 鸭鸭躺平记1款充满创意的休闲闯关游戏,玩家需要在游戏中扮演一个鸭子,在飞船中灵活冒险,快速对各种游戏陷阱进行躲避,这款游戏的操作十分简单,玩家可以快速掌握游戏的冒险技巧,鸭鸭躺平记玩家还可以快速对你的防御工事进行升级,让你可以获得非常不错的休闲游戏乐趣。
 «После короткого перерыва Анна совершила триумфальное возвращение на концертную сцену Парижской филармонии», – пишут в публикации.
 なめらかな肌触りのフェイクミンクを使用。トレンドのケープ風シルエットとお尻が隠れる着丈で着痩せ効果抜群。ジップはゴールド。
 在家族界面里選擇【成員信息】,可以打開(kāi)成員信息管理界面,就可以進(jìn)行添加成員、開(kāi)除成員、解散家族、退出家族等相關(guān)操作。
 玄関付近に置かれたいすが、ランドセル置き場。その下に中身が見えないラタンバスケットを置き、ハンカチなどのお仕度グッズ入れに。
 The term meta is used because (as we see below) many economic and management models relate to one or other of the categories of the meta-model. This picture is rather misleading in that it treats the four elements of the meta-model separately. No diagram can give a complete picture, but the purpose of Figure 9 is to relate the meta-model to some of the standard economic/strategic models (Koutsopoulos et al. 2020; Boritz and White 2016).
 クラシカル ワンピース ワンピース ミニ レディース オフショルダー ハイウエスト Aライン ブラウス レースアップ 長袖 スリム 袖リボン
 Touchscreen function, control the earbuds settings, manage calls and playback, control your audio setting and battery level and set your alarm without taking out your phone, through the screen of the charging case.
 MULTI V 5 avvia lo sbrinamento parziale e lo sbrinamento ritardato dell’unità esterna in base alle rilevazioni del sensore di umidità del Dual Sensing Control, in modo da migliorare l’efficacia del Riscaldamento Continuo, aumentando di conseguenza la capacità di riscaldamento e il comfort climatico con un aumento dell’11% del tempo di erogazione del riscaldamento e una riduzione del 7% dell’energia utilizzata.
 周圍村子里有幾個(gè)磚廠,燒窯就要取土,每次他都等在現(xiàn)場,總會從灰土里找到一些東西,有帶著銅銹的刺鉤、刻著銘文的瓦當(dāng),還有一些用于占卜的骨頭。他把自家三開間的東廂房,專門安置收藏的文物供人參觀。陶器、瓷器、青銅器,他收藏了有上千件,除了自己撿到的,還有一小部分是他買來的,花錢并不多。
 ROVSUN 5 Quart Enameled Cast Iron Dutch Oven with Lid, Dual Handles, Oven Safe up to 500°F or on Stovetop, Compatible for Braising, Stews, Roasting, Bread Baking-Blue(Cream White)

---+---

(To do): Report how many lines in the data contain the word "White", with no words besides the number.

(Answer space): 2